After locating the line that contains "Hang fabric panels" in the records below, write out exactly that line and each line after it through the one that contains "院長の着物にブーツの組み合わせがとってもおしゃれ♫", and nothing else.

Dataset records
[Start of section]
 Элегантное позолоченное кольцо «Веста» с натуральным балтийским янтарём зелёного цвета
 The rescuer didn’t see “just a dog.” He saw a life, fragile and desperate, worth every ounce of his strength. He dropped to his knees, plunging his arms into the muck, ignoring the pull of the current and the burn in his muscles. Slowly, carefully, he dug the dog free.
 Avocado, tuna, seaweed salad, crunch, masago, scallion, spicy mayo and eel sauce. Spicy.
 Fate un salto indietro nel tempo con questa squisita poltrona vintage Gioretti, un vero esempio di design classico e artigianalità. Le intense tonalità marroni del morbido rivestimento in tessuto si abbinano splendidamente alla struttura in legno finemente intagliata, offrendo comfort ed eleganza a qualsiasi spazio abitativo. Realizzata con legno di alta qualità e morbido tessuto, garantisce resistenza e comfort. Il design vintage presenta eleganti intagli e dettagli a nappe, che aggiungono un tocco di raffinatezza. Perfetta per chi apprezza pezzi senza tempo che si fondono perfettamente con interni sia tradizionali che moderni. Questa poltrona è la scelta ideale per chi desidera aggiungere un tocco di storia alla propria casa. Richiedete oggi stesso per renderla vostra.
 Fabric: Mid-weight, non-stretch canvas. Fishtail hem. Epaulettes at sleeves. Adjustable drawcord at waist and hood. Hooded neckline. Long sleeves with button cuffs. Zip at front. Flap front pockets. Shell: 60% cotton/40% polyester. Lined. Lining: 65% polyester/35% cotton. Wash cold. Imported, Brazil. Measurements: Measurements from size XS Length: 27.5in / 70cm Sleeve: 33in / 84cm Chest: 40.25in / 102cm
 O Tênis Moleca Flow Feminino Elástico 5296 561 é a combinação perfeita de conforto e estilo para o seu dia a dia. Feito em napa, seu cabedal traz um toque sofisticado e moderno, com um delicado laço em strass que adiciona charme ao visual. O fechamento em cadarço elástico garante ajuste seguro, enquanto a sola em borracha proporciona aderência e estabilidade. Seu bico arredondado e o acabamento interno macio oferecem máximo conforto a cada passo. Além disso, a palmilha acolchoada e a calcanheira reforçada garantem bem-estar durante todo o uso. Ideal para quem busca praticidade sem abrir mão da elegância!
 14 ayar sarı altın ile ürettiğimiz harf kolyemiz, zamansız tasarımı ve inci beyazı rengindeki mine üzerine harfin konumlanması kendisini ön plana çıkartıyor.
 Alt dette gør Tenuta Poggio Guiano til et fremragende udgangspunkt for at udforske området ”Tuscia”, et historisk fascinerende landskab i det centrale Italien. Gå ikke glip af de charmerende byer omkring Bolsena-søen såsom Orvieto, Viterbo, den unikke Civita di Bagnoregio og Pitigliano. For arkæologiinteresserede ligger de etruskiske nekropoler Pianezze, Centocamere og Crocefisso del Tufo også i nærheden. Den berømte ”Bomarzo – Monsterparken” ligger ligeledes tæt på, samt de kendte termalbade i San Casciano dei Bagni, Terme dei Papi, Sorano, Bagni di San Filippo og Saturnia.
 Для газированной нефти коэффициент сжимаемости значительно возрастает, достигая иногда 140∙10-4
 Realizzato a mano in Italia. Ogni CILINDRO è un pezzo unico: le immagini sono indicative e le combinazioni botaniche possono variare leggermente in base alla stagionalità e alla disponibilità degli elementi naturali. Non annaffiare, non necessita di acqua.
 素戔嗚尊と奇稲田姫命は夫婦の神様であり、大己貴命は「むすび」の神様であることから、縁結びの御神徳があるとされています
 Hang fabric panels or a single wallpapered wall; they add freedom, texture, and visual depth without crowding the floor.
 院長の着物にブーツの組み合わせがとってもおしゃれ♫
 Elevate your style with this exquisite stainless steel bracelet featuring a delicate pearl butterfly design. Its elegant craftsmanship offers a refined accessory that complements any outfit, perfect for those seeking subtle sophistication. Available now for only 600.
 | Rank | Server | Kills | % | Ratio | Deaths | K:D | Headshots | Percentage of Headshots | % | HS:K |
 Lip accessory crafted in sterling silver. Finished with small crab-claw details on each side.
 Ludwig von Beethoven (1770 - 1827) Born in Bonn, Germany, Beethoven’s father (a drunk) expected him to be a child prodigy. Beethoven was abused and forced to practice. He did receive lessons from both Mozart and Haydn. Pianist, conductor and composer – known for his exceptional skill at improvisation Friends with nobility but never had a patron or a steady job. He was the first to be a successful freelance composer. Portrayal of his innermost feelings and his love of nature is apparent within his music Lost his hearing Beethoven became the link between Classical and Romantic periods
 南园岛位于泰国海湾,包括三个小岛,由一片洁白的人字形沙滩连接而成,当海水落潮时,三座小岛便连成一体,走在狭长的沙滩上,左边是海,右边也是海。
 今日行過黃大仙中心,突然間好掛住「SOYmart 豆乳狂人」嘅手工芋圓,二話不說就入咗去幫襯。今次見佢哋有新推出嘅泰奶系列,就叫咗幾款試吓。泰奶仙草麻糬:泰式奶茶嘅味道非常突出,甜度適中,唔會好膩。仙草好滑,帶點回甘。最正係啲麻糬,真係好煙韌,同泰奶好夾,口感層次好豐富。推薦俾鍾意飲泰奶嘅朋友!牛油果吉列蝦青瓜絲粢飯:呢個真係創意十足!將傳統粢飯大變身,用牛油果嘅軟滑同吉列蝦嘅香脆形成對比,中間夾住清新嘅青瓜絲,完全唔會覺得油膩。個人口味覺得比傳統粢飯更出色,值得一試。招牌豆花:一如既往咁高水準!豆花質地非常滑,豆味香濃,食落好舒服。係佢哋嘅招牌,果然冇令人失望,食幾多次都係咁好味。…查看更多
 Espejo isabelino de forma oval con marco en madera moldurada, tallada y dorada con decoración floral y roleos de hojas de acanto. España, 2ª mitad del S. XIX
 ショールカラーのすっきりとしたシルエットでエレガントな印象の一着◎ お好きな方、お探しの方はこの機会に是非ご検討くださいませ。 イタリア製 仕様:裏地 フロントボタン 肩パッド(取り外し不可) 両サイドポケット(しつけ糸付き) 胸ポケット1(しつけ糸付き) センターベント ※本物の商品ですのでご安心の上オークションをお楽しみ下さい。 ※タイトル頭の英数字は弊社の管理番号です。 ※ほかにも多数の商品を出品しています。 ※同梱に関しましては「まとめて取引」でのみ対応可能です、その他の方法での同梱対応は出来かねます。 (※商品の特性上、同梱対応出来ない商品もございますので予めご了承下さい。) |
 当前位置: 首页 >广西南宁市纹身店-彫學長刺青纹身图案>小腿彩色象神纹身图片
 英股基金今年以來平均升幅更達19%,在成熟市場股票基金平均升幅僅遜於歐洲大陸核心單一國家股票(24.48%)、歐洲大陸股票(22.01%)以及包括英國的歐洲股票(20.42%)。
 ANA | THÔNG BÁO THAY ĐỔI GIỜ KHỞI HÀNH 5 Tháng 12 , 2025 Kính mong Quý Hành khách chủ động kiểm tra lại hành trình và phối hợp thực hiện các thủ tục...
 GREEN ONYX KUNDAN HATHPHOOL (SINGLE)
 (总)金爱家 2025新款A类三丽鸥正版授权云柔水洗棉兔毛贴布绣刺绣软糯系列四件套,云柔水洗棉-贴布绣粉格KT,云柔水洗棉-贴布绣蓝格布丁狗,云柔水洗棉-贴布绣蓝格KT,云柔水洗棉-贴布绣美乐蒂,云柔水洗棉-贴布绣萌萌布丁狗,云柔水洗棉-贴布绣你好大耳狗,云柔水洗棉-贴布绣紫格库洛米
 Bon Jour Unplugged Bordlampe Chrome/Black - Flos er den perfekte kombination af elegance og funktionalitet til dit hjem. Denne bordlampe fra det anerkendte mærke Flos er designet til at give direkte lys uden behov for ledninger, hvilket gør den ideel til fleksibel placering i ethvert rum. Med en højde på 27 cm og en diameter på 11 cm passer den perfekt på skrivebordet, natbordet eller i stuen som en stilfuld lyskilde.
[End of section]
▶ [Solution below]:
 Hang fabric panels or a single wallpapered wall; they add freedom, texture, and visual depth without crowding the floor.
 院長の着物にブーツの組み合わせがとってもおしゃれ♫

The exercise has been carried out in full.